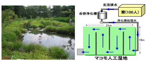 下水道のないところでは合併浄化槽というもので生活排水を処理していますが、よごれの大部分である有機物は微生物で比較的よく処理できますが、水質を悪化させる窒素やリンの化合物は水に溶けたまま出て行ってしまいます。そこで、その排水を人工湿地で浄化する実験をしています。
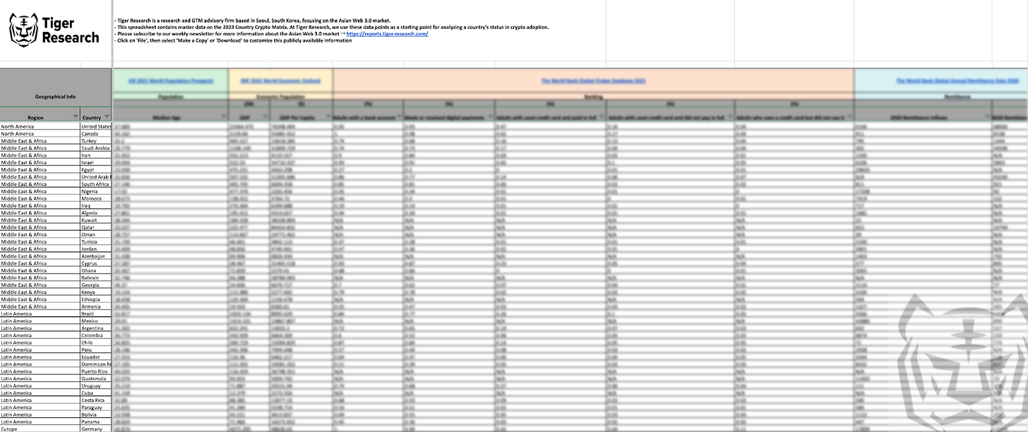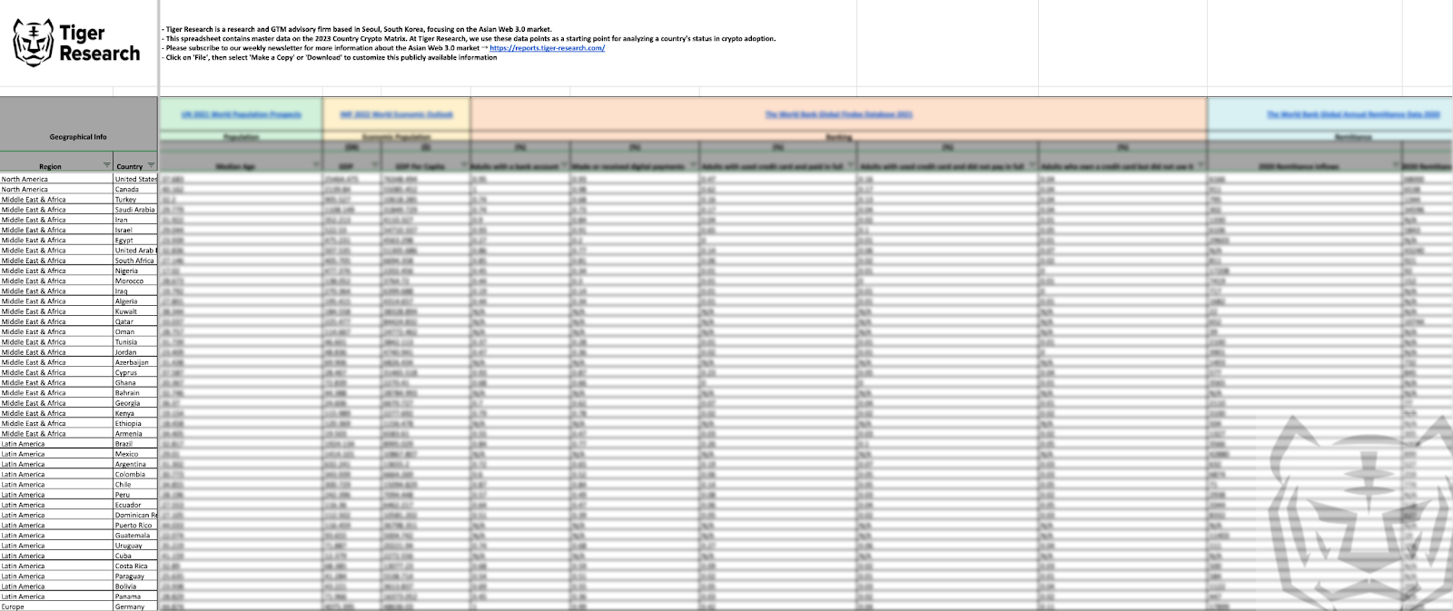 Participate in our 1-minute survey to help improve our weekly reports. As a thank you, you can download Tiger Research's original "2023 Country Crypto Matrix" spreadsheet, an all-in-one spreadsheet for the global virtual asset market analysis after finishing the survey.
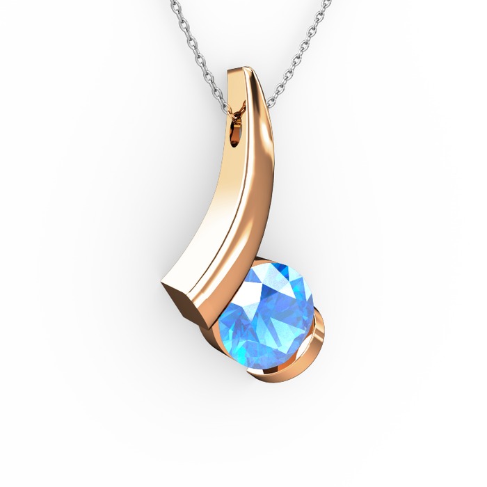 Akuamarin 18 ayar rose altın kolye (40 cm beyaz altın rolo zincir)
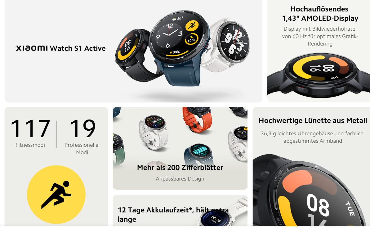 Xiaomi Watch S1 Active Smartwatch (1,43" AMOLED HD; 117 Trainingsmodi; Überwachu
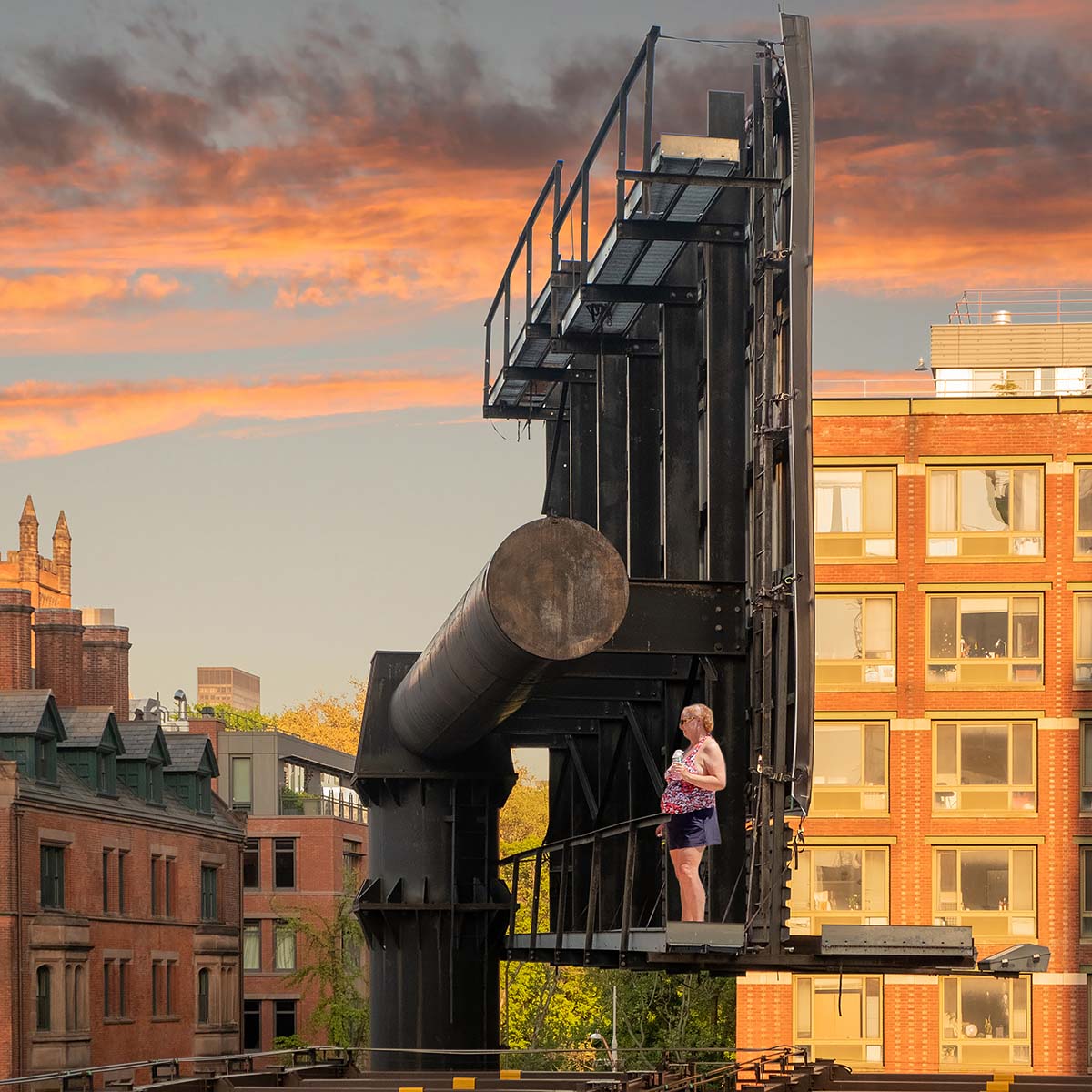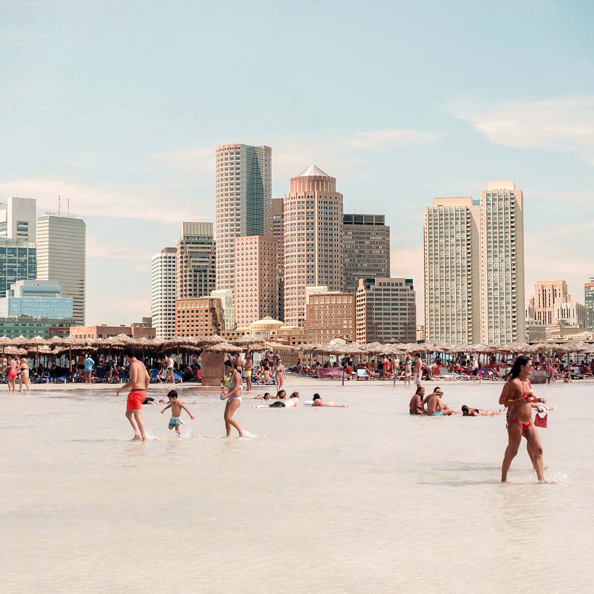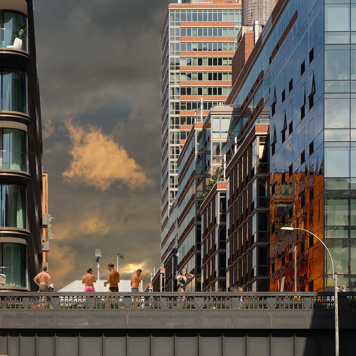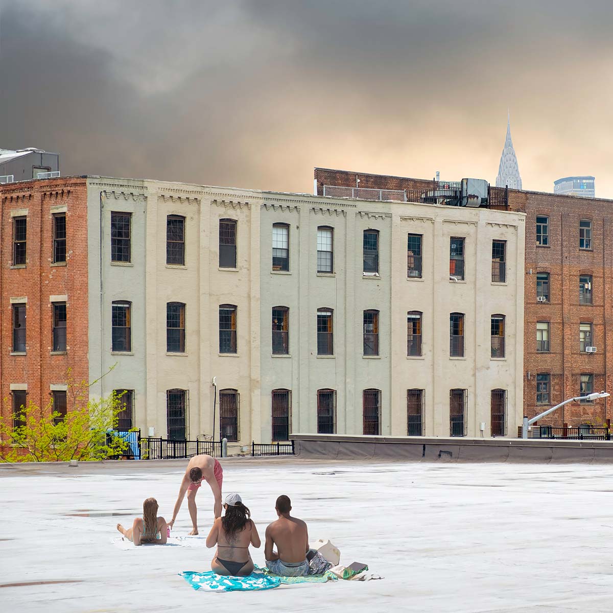 Surroundings play a dominant role in shaping experience. Each image in this series is a composite of three separate original images: one of someone enjoying leisure at the beach, a cityscape, and a photograph of dramatic weather as seen from my back porch. Separately, they are subjects I love to photograph for their beauty and the awe they inspire in me. Together they tell a story of city dwellers searching for moments of relief in a world shaped by climate change, and the struggle to find a balance between an environment in crisis and manmade structures.
============
Each record is to be restated word for word; no picture goes in.

 下水道のないところでは合併浄化槽というもので生活排水を処理していますが、よごれの大部分である有機物は微生物で比較的よく処理できますが、水質を悪化させる窒素やリンの化合物は水に溶けたまま出て行ってしまいます。そこで、その排水を人工湿地で浄化する実験をしています。
 Participate in our 1-minute survey to help improve our weekly reports. As a thank you, you can download Tiger Research's original "2023 Country Crypto Matrix" spreadsheet, an all-in-one spreadsheet for the global virtual asset market analysis after finishing the survey.
 Akuamarin 18 ayar rose altın kolye (40 cm beyaz altın rolo zincir)
 Xiaomi Watch S1 Active Smartwatch (1,43" AMOLED HD; 117 Trainingsmodi; Überwachu
 Surroundings play a dominant role in shaping experience. Each image in this series is a composite of three separate original images: one of someone enjoying leisure at the beach, a cityscape, and a photograph of dramatic weather as seen from my back porch. Separately, they are subjects I love to photograph for their beauty and the awe they inspire in me. Together they tell a story of city dwellers searching for moments of relief in a world shaped by climate change, and the struggle to find a balance between an environment in crisis and manmade structures.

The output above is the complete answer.